Слагающаяся поэма не представляла опасности, пока Ахматова заучивала наизусть каждую следующую часть и сразу же сжигала рукопись, но это гарантировало существование произведения лишь при жизни автора. Чтобы повысить шансы на сохранение стихов, их следовало рассредоточить, хранить в разных головах. Ахматова осторожно приглашала ближайших подруг – их было не более дюжины – и снова и снова читала им поэму, пока они не запоминали ее наизусть[623]
. Возможно, именно так две с лишним тысячи лет назад подруги заучивали стихи Сапфо. Но Сапфо могла записывать свои стихи, ничего не страшась. Обрывки ломкого папируса с фрагментами ее произведений, дошедшие до нас через многие века, говорят как о феноменальной силе воображения автора, так и о долговечности письма. При Сталине оставлять стихи для потомства было очень рискованно, и «русская Сапфо» не могла позволить себе этого.Ахматова и ее подруги, вынужденные запоминать стихи наизусть, должны были обходиться без многого, чем владели сказители неписьменных культур. Профессионалы былых времен развивали память для сохранения длинных текстов и эпизодов из них, но знали при этом, что могут приспособить запоминаемый материал к новым обстоятельствам. Ахматова, напротив, не желала, чтобы ее друзья меняли хотя бы единое слово. Она сочиняла стихи на бумаге, переживала каждую строку или фразу, а потом требовала их точного воспроизведения, как это обычно бывает с авторами письменных произведений. Она рассчитывала на то, что подруги запомнят «Реквием» точно таким, каким она его написала.
Еще больше затрудняли их работу действия Ахматовой, присущие именно авторам письменных произведений, но не присущие устному творчеству: она время от времени вносила исправления в свой текст. Поскольку поэма была теперь распределена по умам близких подруг поэтессы, автору теперь приходилось следить еще и за тем, чтобы они заучивали обновленную версию. Подруги были не сказительницами и творцами, имевшими право на импровизацию: они были своего рода бумагой, на которой Ахматова писала и переписывала главное свое стихотворение.
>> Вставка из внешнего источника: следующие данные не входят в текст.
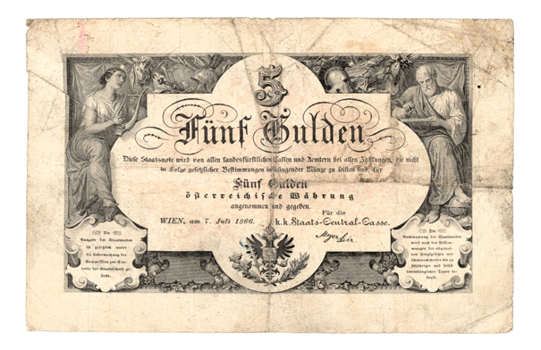 5 Gulden 1866, Ri.139b, Pick.A151b - série Eg18, natrž.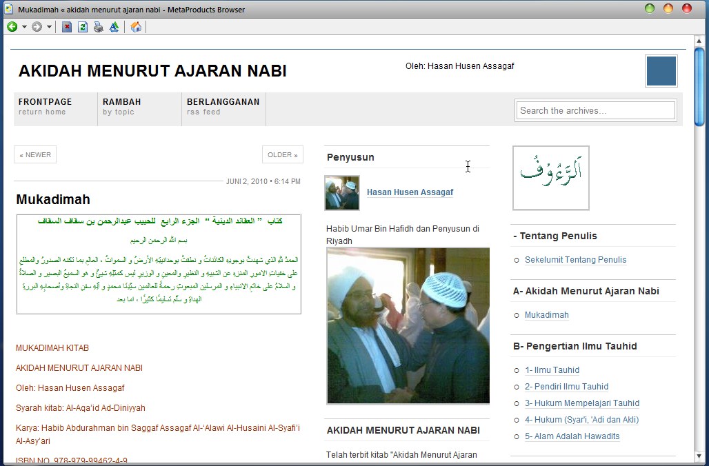 Karya: Habib Abdurahman bin Saggaf Assagaf Al-‘Alawi Al-Husaini Al-Syafi’i Al-Asy’ari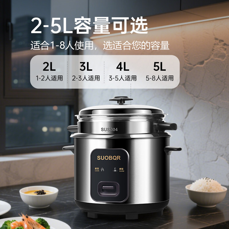 苏泊电饭煲新款家用0涂层食品级带蒸笼不锈钢1-10人老式电饭锅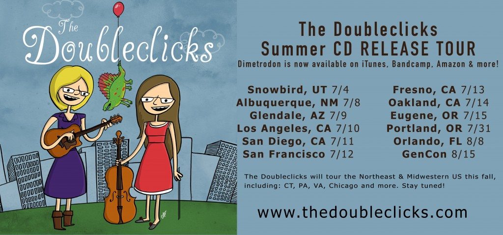 Visit the Doubleclicks website for the tour schedule. Dimetrodon is available from iTunes, Amazon, Bandcamp, CDBaby, and (of course) from The Doubleclicks on their tour.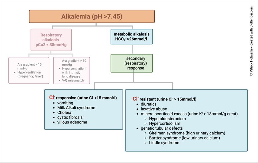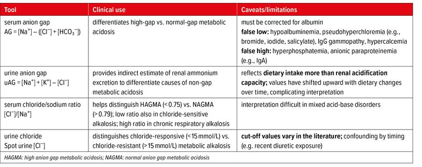 1 Adrogué HJ et al.: Clinical approach to assessing acid-base status: physiological vs Stewart. Adv Chronic Kidney Dis 2022; 29: 343-54 2 Planelles G: Chloride transport in the renal proximal tubule. Pflügers Arch 2004; 448: 561-70 3 Soleimani M: The multiple roles of pendrin in the kidney. Nephrol Dial Transplant 2015; 30: 1257-66 4Do C et al.: Metabolic Alkalosis pathogenesis, diagnosis, and treatment: core curriculum 2022. Am J Kidney Dis 2022; 80: 536-51 5 Rein JL, Coca SG: “I don’t get no respect”: the role of chloride in acute kidney injury. Am J Physiol Renal 2019; 316: 587-605 6 Ingelfinger JR et al.: Physiological approach to assessment of acid–base disturbances. N Engl J Med 2014; 371: 1434-45 7 Kamel KS, Halperin ML: Acid–base problems in diabetic ketoacidosis. N Engl J Med 2015; 372: 546-54 8 Palmer BF et al.: Renal tubular acidosis and management strategies: a narrative review. Adv Ther 2021; 38: 949-68 9 Palmer BF, Clegg DJ: Metabolic alkalosis treatment standard. Nephrol Dial Transplant 2024; 39: 1985-92 10 Trullàs JC et al.: The significance of metabolic alkalosis on acute decompensated heart failure: the ALCALOTIC study. Clin Res Cardiol 2024; 113: 1251-62 11 Testani JM et al.: Hypochloraemia is strongly and independently associated with mortality in patients with chronic heart failure. Eur J Hear Fail 2016; 18: 660-8 12 Ter Maaten JM et al.: Hypochloremia, diuretic resistance, and outcome in patients with acute heart failure. Circ Hear Fail 2018; 9: 003109 13 Libório AB et al.: Increased serum bicarbonate in critically ill patients: a retrospective analysis. Intensiv Care Med 2015; 41: 479-86 14 Uribarri J, Oh MS: The urine anion gap: common misconceptions. J Am Soc Nephrol 2021; 32: 1025-8 15 Kraut JA, Madias NE: Serum anion gap: its uses and limitations in clinical medicine. Clin J Am Soc Nephrol 2007; 2: 162-74 16 Durward A et al.: The value of the chloride:sodium ratio in differentiating the aetiology of metabolic acidosis. Intensiv Care Med 2001; 27: 828-35

Чтобы лучше справляться с требованиями Ахматовой, одна из подруг представляла себе поэму записанной, разделенной на главы, пронумерованные римскими цифрами. Это старинный прием мнемотехники: объемный текст разделяется на короткие части и визуально запоминается как ряд фрагментов с последовательными номерами. Когда через много лет Ахматова наконец решилась приготовить поэму к публикации, она использовала ту самую нумерацию, которую изобрела подруга, отметив: «Смотрите, как вы говорили –
Ахматова понимала иронию своего положения поэта, принадлежащего к обществу с высоким авторитетом письменного слова, но принужденного вернуться к изустной традиции. Она называла это положение «догутенберговским» и язвительно утверждала, что «мы живем под лозунгом “Долой Гутенберга”»[625]
. Ахматова была в высшей степени созвучна истории технологий письменности. В родительском доме она училась читать и писать по азбуке, написанной величайшим из русских писателей Львом Толстым[626]; впоследствии Ахматова будет резко отвергать его идеологию и творчество. Она знала, что русский алфавит был построен на основе греческого алфавита и что его, предположительно, внедрили в России два монаха-грека, Кирилл и Мефодий, в IX столетии.Глубоким пониманием истории письменности Ахматова обязана второму мужу, востоковеду. Супруги занимали в бывшем графском дворце две комнаты и работали вместе[627]
; Ахматова перепечатывала переводы мужа, предназначенные для издательства «Всемирная литература», которое было создано для ознакомления широких масс с литературой самых разных народов. С 1918 по 1924 г. было издано около 200 томов мировой классики[628], в том числе индийское собрание повествовательной прозы Панчатантра. Деятельность издательства воплощала мечту Гёте о всемирной литературе, обновленную для республики революционных рабочих. Запечатленные клинописью тексты (среди которых был «Эпос о Гильгамеше») произвели столь сильное впечатление на Ахматову, что она написала пьесу по мотивам шумерской истории. В период интенсивных гонений 1940-х она сожгла черновик наряду со многими другими рукописями, но позднее не раз возвращалась к мысли о том, чтобы восстановить ее по памяти[629].Размышляя над своим необычным положением в письменности, Ахматова пришла к выводу, что история литературы не имеет прямолинейного движения вперед, от устной декламации к клиновидному знаку и далее к печати; она может двигаться в сторону, застывать на месте и даже возвращаться вспять – в зависимости от того, кто управляет средствами литературного производства. Если эти средства находятся в руках враждебного, тоталитарного государства, оно может загнать писателя в догутенберговскую или даже в дописьменную эпоху, словно двоих монахов с греческим алфавитом вовсе не существовало.